— Шекспир — классик английской литературы. Но дело не в Шекспире. Эта книжка, Сережа… — она сделала паузу и заговорила быстро и страстно. — Это абсолютно уникальная книга, издание 1989 года, в твердой обложке, вышедшее еще в БССР. Вот представь: империя рассыпается, в Москве заканчивается горбачевская перестройка. И тут, в Минске, в государственном издательстве, выходит то, что ходило по рукам примерно так, как сейчас распространяется мова — в самиздатовских перепечатках, фрагментах. Знаменитый перевод сонетов Шекспира, сделанный Владимиром Дубовкой. Дубовка — это чудо и дар всем нам. Он самый крупный поэт из тех, память о ком дошла до нас из ХХ столетия. И самый забытый, затертый плечистыми шеренгами писателей-коммунистов, певцов коллективизации и репрессий. Что ни деталь биографии, то странность. Мы, как археологи, восстанавливали Дубовку по фрагментам, по сохраненным на серверах бекапам страниц, которые были уничтожены десятилетия назад, по архивам, которые еще не были к тому моменту опустошены. Кстати, фотографию его нам найти так и не удалось, его внешний облик, выражение лица утрачено навсегда. Человек прошел сталинский ГУЛАГ, но в его душе…
Она снова сделала паузу. Я заметил, что каждый раз, когда ей хотелось сказать что-то поэтичное, она себя останавливала, может быть, чтобы не выглядеть слишком сентиментальной. Как я ее понимал!
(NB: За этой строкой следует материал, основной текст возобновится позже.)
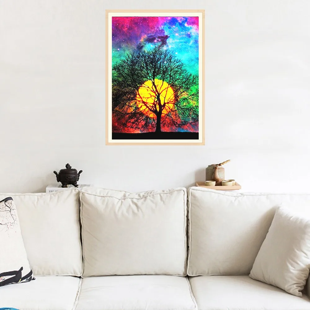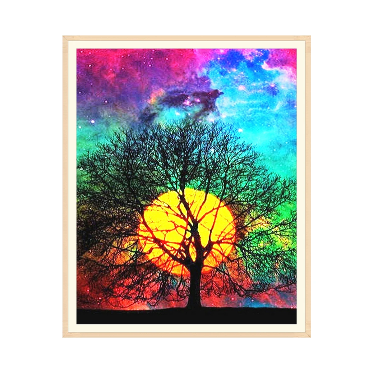 Полноформатная алмазная живопись, луна, дерево, 5D искусство, едино...

— У нас был шанс спасти сонеты Шекспира в переводе Дубовки, — продолжила она. — Там такая красота… Я видела один, только один, — она вздохнула и прочла ровным голосом, почти без интонации:
— Красиво, — прошептал я.
— Да, очень, — кивнула она. — Но это — не главное. Дубовка — представитель старой национальной интеллигенции, его стихи крайне лексически разнообразны, он очень обогатил мову. Но многое ушло вместе с ним. Исчезло навсегда. И вот к нам поступила оперативная информация о том, что среди его переводов Шекспира есть слово. Очень важное слово, которое считалось утраченным. Может быть, самое главное из тех, за которыми мы охотимся.
Она замолкла. Наклонила голову и закрыла губы рукой. Я успел подумать, что она, наверное, ничего и не скажет мне об этом слове, потому что если она считает книжку уничтоженной, то и нет смысла печалиться об утраченном. Но она, судя по всему, подбирала слова, чтобы объяснить.
— Вот смотри. Сегодня в нашей обедневшей мове, лексика которой прорежена пулеметными очередями разнообразных запретов, осталось два слова для передачи чувств между мужчиной и женщиной. Первое, страстное, горячее, называется «каханнем». К счастью, у нас сохранилась страница из русско-беларуского словаря, который расшифровывает «каханне» как «чувственное влечение» одного человека к другому. Второе слово для передачи чувств — «любоў». Человек с любовью может относиться к работе, кошке или даже Рогу. Я вот к Рогу отношусь с искренней любовью. — Элоиза бросила на Красного столба быстрый ироничный взгляд. Красный столб покраснел. — Но когда-то было и третье слово, Сергей. Слово, обозначающее чувство, которое выше «чувственного влечения», чувство иной природы, чем братская «любовь». Слово, — и тут она подняла голову в мечтательной задумчивости, — слово, которое вмещает всю нежность связи между тобой и твоим любимым.
Пламя отражалось в ее глазах ярче северной звезды, горящей у нее на груди. Сварог и Мастер благовоний куда-то исчезли, как исчезли и вооруженные солдаты за дверями, как исчезли и сами двери. Мы остались наедине. У огня во тьме. Женщина рядом со мной говорила о чувствах словами, которых больше не существует.
— Знаешь, Сергей… Знаешь, это слово, которое передает не страсть или желание, не дружескую эмпатию, оно и было самым верным. Оно и означало реальную «любовь», чувство, которое в нашей мове после утраты сонетов осталось без названия. Потому что случается так, что ты совсем не пылаешь страстью к человеку. Но он приятен тебе, приятно быть рядом с ним. Приятно смотреть на него и слушать его. И такая привязанность, которая основана не на одержимости, не на похоти…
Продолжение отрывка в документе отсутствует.